### Problem requirements
For the entries that follow, retype exactly the lines from the one containing "本日、竜巻を想定した非常時訓" to the one containing "Sous la conduite", inclusive, and only those. Images stay out of the copy.

++++ The input

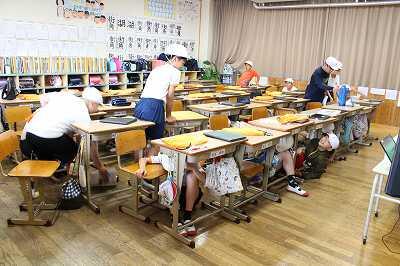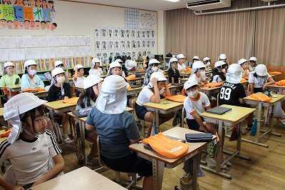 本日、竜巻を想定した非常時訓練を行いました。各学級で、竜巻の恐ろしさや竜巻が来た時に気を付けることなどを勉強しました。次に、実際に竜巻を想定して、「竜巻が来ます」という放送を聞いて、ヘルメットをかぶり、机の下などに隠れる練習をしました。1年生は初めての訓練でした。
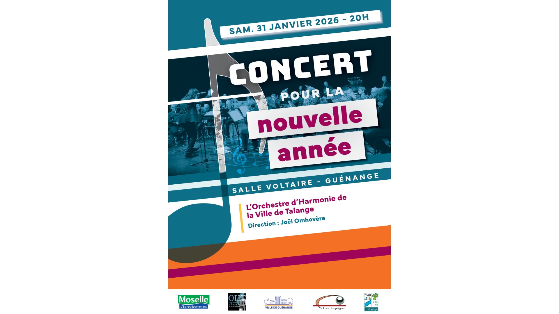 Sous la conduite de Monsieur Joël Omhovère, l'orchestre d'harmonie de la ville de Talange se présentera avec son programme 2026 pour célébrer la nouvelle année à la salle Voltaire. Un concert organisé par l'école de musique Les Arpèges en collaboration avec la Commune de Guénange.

++++++++
++++ The input

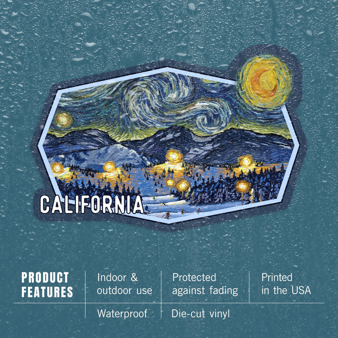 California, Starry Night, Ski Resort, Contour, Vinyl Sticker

++++++++
++++ The input

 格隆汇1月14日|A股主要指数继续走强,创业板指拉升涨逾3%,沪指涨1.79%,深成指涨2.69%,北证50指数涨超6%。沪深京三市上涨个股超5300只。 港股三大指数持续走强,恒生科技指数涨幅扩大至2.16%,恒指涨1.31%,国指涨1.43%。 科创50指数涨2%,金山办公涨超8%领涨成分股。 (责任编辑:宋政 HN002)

++++++++

### Answer section
 本日、竜巻を想定した非常時訓練を行いました。各学級で、竜巻の恐ろしさや竜巻が来た時に気を付けることなどを勉強しました。次に、実際に竜巻を想定して、「竜巻が来ます」という放送を聞いて、ヘルメットをかぶり、机の下などに隠れる練習をしました。1年生は初めての訓練でした。
 Sous la conduite de Monsieur Joël Omhovère, l'orchestre d'harmonie de la ville de Talange se présentera avec son programme 2026 pour célébrer la nouvelle année à la salle Voltaire. Un concert organisé par l'école de musique Les Arpèges en collaboration avec la Commune de Guénange.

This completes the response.